Stored data entries
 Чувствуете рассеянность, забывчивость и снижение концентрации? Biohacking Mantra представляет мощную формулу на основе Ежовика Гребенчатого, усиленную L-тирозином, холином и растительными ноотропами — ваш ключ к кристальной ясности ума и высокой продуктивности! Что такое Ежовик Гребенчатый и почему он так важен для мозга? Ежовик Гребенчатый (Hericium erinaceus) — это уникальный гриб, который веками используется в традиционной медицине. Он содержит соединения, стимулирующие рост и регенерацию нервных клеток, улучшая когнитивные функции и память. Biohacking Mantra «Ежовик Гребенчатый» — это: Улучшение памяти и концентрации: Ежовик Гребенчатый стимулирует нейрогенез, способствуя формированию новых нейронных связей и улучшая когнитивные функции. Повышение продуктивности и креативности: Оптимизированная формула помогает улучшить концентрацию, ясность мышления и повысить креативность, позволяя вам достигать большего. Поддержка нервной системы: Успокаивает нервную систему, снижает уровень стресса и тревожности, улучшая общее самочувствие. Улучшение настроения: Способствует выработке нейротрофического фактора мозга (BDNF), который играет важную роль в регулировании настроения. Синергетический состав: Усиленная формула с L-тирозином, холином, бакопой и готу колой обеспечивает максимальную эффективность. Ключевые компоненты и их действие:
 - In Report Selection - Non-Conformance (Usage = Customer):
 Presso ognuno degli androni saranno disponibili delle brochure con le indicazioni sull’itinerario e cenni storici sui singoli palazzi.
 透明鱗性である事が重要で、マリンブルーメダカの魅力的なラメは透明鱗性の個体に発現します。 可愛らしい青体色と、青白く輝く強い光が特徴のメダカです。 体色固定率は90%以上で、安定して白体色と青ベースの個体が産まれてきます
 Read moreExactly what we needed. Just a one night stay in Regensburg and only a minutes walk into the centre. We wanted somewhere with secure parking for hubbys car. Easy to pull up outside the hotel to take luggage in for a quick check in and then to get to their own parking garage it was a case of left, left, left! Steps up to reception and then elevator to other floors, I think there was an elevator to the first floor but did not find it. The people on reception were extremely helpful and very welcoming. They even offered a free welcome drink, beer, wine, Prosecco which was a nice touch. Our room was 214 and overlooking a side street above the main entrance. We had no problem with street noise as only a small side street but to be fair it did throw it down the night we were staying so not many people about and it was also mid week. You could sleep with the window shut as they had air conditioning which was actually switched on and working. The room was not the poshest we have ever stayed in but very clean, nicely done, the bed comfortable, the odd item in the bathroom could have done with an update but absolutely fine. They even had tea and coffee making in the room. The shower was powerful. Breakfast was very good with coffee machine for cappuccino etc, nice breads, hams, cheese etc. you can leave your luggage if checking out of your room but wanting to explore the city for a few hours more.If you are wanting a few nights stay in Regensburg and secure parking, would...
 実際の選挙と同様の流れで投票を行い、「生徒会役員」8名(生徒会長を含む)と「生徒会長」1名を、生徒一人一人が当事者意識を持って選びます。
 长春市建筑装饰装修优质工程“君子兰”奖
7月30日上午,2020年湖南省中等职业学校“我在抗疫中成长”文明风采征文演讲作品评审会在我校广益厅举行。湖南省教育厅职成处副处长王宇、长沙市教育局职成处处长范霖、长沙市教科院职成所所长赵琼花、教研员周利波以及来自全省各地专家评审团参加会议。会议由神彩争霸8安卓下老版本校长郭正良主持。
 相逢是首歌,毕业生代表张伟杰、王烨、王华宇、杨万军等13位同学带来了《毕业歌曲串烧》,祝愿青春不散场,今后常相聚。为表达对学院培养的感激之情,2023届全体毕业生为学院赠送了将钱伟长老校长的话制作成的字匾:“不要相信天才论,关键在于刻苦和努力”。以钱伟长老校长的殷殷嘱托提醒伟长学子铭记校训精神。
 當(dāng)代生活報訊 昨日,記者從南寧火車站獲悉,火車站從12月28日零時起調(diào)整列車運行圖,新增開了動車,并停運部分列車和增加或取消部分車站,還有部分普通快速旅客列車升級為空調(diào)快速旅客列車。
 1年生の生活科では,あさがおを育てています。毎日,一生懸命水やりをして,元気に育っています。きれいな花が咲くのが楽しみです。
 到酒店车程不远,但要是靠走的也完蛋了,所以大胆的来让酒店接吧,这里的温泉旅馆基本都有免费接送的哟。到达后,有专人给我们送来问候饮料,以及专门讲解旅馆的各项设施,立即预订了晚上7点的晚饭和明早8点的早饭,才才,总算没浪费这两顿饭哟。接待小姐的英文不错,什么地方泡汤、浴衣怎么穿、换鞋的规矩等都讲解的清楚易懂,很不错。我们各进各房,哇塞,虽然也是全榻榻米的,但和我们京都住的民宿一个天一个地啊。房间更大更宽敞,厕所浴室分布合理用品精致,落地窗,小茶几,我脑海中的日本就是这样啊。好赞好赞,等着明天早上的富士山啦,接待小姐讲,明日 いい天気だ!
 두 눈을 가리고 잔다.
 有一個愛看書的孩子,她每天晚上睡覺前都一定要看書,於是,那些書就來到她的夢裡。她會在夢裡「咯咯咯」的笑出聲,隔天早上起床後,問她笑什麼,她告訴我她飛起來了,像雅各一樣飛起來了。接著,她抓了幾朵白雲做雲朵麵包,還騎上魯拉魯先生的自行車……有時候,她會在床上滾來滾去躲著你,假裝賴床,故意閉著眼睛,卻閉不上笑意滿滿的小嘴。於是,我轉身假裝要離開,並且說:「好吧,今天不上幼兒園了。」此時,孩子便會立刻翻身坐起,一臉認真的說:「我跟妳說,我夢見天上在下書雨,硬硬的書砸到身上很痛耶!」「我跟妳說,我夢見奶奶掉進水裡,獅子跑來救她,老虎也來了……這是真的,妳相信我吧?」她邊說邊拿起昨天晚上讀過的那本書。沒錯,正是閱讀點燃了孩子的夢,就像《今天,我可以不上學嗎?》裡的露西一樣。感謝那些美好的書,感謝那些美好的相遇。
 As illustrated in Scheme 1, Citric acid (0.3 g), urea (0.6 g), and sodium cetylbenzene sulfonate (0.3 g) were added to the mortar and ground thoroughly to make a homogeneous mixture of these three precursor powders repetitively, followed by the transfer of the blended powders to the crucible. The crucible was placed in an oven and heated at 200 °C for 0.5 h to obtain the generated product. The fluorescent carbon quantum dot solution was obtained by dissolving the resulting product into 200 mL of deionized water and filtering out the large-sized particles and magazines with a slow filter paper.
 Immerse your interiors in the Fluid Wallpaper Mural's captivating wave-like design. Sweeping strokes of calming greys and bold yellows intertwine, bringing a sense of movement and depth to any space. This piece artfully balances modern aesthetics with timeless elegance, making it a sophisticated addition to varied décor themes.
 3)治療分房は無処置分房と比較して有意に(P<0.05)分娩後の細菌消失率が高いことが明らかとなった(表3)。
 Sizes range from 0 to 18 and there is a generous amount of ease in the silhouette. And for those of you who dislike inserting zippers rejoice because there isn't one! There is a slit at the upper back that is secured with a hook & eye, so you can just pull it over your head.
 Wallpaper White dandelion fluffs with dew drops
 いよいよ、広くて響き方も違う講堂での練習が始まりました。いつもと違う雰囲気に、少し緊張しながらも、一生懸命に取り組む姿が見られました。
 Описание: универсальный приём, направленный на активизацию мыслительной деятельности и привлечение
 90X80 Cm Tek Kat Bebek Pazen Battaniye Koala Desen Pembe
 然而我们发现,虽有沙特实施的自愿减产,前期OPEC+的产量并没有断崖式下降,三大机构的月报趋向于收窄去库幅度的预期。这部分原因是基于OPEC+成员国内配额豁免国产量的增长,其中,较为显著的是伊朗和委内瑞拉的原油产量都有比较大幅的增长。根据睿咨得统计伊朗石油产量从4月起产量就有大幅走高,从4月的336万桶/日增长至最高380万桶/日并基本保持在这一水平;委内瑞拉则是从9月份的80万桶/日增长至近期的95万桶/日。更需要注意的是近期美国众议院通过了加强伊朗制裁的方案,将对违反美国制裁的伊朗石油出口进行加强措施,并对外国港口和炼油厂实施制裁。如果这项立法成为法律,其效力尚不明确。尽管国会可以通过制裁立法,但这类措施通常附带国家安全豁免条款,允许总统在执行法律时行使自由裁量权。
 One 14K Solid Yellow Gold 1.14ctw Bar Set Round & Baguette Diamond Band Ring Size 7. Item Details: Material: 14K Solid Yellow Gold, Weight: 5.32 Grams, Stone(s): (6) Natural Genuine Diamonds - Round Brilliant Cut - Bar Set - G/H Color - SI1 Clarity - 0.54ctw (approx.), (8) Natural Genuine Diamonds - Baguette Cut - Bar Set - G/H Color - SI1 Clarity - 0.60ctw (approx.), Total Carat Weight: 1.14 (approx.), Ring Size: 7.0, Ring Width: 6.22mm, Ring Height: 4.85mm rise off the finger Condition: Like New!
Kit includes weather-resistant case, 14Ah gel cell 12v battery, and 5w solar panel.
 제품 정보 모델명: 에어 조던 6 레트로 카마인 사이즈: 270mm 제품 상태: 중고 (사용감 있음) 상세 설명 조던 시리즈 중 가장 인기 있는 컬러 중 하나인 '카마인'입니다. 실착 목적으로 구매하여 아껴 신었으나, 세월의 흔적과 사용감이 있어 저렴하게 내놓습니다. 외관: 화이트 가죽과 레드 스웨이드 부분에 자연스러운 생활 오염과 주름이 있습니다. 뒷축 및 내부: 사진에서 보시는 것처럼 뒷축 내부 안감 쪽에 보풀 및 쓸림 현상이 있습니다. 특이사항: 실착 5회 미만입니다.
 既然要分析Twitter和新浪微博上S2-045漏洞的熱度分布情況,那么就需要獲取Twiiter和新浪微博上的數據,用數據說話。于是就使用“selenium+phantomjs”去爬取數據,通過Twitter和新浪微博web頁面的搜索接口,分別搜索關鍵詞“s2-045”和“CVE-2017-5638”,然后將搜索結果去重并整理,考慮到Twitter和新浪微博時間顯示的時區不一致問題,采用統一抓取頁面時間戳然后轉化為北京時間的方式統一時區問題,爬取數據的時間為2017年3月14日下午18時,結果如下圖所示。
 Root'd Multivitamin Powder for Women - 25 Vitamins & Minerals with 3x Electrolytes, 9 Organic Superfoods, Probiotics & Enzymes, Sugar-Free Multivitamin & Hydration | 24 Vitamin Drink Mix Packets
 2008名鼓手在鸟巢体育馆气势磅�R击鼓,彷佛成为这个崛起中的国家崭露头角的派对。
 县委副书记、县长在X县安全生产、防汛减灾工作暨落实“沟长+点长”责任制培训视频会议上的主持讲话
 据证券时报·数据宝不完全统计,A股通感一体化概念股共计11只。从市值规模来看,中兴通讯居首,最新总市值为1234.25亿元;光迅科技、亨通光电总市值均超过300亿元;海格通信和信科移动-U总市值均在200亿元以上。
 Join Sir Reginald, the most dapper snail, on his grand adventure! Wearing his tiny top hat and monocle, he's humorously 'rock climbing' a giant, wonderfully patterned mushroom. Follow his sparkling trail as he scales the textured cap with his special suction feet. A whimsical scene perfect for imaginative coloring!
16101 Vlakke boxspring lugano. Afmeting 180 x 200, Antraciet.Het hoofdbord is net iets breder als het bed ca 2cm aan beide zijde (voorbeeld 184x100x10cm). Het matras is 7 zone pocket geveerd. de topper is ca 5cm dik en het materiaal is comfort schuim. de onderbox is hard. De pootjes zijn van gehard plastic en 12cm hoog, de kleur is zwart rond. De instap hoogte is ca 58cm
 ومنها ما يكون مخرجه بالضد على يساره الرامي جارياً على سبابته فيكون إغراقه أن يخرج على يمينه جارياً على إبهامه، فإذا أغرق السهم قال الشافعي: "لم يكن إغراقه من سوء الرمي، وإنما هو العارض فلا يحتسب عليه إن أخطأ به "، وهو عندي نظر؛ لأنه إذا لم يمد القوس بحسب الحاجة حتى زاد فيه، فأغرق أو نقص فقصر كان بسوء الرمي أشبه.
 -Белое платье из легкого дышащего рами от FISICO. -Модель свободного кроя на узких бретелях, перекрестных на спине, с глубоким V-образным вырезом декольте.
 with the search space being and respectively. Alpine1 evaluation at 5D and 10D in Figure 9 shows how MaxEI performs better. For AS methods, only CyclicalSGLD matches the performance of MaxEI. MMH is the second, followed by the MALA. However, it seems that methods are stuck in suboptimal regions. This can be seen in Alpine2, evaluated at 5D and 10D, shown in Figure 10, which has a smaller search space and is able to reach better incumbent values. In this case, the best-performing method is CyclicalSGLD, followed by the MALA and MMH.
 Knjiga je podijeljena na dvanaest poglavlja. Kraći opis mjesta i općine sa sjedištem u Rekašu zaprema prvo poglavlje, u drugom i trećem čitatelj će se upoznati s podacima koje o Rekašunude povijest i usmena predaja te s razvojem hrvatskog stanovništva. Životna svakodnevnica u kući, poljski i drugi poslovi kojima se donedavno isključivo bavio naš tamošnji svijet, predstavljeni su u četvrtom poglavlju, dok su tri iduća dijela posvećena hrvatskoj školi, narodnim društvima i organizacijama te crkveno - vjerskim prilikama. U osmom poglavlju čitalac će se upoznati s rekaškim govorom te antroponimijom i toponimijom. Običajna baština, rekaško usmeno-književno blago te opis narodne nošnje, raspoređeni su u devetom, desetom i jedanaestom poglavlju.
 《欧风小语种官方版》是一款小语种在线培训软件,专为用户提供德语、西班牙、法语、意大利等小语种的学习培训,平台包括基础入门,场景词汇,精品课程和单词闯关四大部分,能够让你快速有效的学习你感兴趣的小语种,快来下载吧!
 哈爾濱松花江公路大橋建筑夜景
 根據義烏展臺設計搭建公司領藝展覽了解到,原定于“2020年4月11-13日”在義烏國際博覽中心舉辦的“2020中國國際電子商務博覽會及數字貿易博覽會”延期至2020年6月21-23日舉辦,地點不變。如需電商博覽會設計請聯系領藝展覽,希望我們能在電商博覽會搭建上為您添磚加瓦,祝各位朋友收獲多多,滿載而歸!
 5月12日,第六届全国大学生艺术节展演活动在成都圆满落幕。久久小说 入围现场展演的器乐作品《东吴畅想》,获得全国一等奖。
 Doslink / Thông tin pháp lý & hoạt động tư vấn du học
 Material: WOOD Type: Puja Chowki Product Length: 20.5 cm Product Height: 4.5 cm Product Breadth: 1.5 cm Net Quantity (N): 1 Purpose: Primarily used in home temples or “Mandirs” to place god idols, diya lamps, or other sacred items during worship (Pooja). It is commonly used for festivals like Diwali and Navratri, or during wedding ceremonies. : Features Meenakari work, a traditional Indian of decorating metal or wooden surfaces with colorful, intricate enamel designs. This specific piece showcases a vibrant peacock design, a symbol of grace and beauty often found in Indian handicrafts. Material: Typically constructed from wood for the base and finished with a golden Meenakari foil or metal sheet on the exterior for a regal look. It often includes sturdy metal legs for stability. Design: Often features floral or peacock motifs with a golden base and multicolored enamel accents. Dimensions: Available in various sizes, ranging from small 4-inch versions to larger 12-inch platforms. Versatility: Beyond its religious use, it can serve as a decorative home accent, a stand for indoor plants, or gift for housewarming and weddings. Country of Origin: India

**WHAT YOU ARE ASKED TO DO:** Only the number is wanted: how many lines above include the word "that"?

**PROBLEM SOLUTION:** 2